A bit off topic but has anybody got Canon Connect to work reliably? I've tried but it's just too flakey and I find myself swearing loudly at an iPad and frightening passersby instead of taking photos. I'll admit I'm not the most tech savvy--I'm a photographer, not an IT department. I really wish I could just plug into an iPad with a cable.

Yes. A cranky old man--no denying it.


----------



## LDS (Mar 24, 2020)

Some observation about the service:

image.canon will have to funnel all people images using the service. It can become a bottleneck if not properly sized. It will depend on how many users will actually use the service. While it may not need much storage, bandwidth and response times will matter.
Privacy issues. Well, if your uploading to Google and even Adobe probably this doesn't matter you. But if you're uploading to download on a computer of yours, read the privacy policies. There's a lot about profiling users through images data and metadata - some of which IMHO may not be even GDPR compliant.


----------



## magarity (Mar 28, 2020)

Aaron D said:


> A bit off topic but has anybody got Canon Connect to work reliably? I've tried but it's just too flakey and I find myself swearing loudly at an iPad and frightening passersby instead of taking photos.
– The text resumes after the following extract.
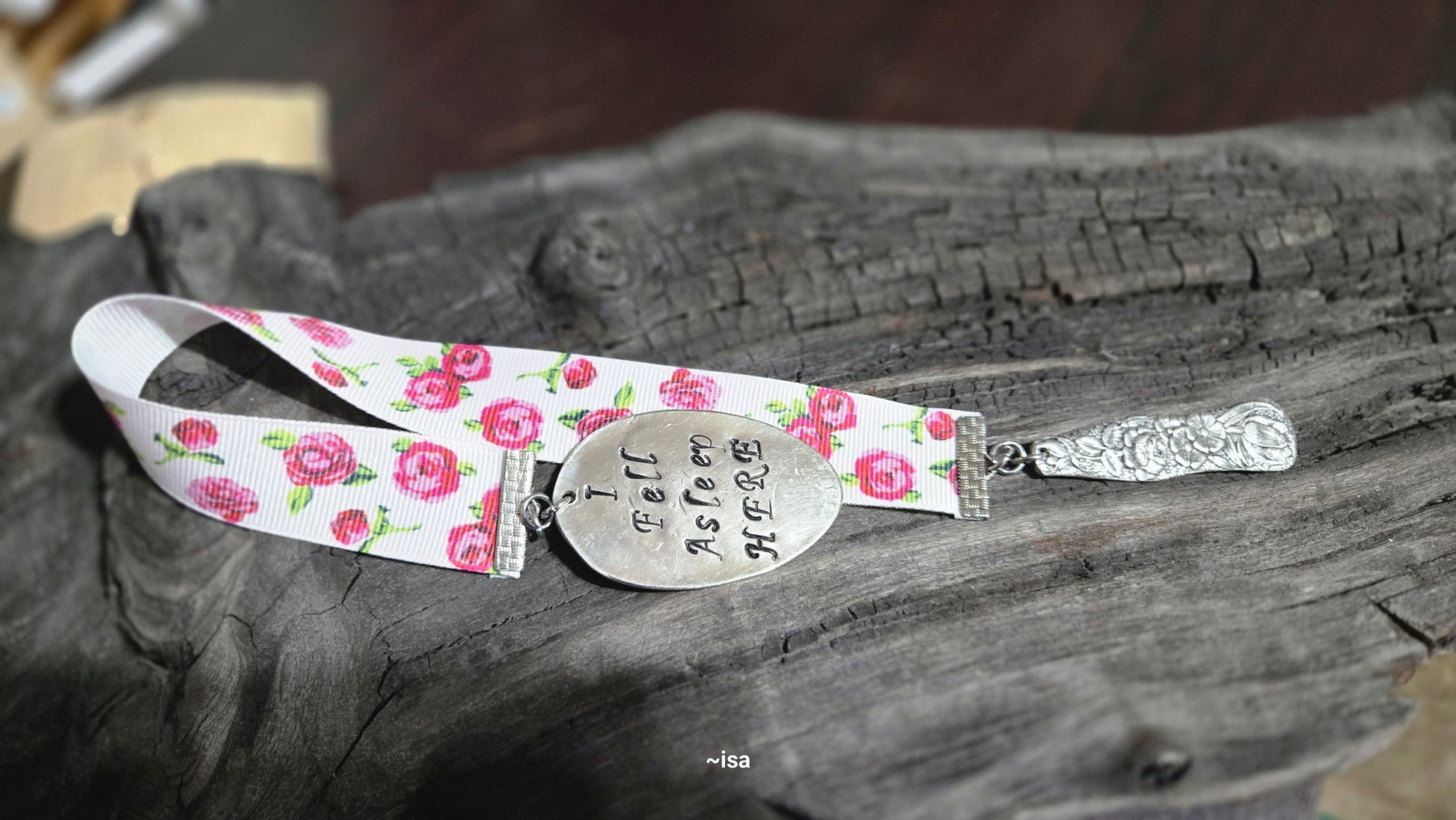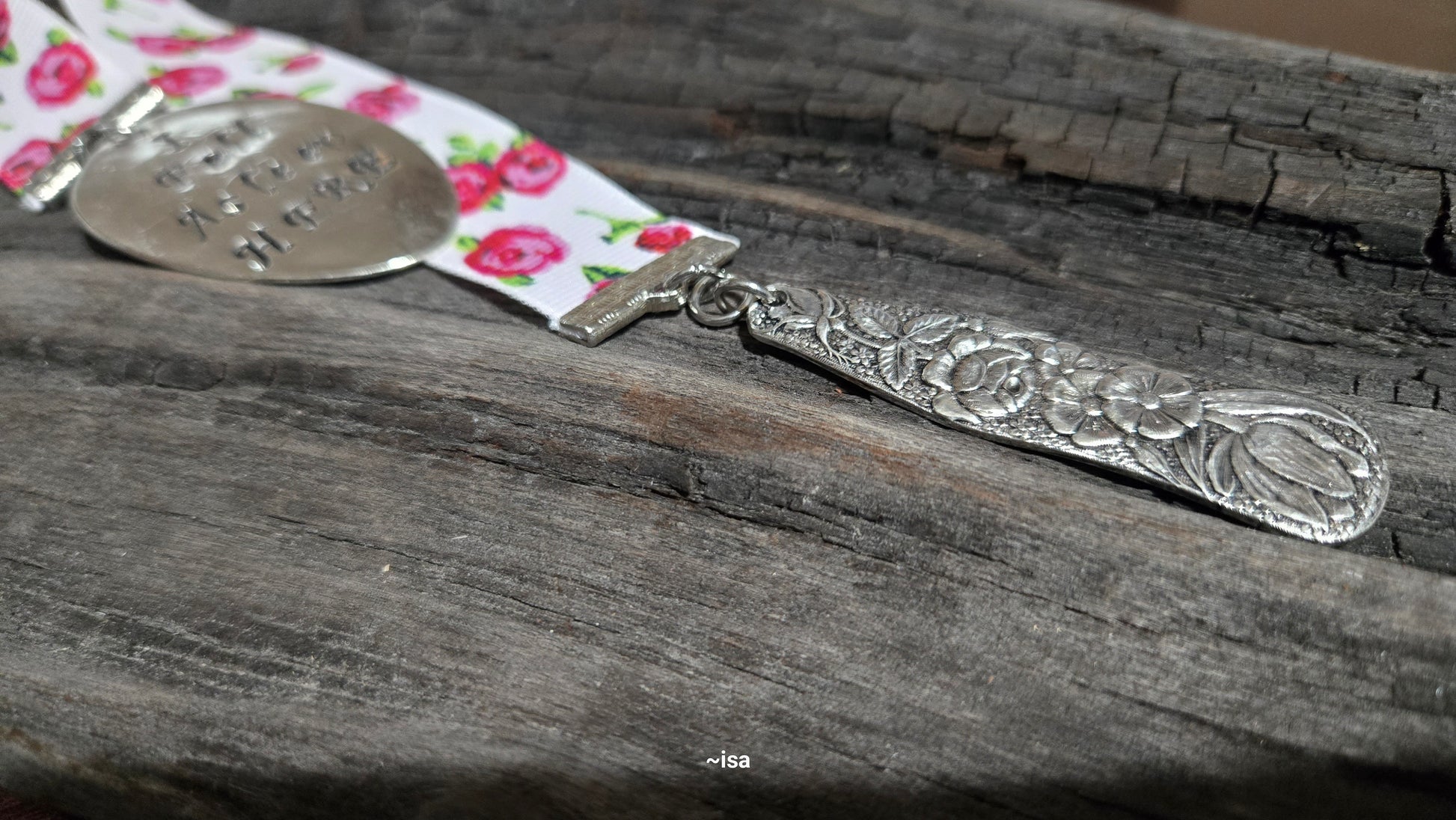 This isn’t just a bookmark — it’s your story, hand‑stamped into vintage silver that’s been given new life. When you choose a 4–5 word phrase, you’re choosing a daily reminder that will meet you every time you open your book. I plan each layout carefully so your words fit beautifully across the spoon’s curve, then strike each letter one at a time with patience and precision. It takes 20–30 minutes of focused work, and if a strike is off, I start over — because your words deserve perfection. Finished with ribbon or chain and free charms for extra sass, this bookmark is more than a page holder; it’s a keepsake crafted just for you, with meaning in every detail.

With Android, yes. One thing I've noticed is that the Android device wants to switch networks to connect to the internet instead of the camera, which obviously does not provide internet service. So if there is another wifi around that the Android has in its list of known networks, it will often jump off the camera and Canon Connect stops working.
Maybe your iPad is doing similar?


----------



## Aaron D (Mar 28, 2020)

magarity said:


> Maybe your iPad is doing similar?



Not unlikely. And there's a good chance it's operator error--I haven't sat down with it pre-assignment to get my mind comfortably around what it all means. I need to...


----------



## cassijones (Apr 14, 2020)

This morning I've updated my cameras (70D and 6DmkII) to this new system 'image.canon' , with a new icon on connection menu, but when I try to connect on both cameras I've got an error (err 124 - SSL ceritfication). Does anyone had the same problem? Thanks!


----------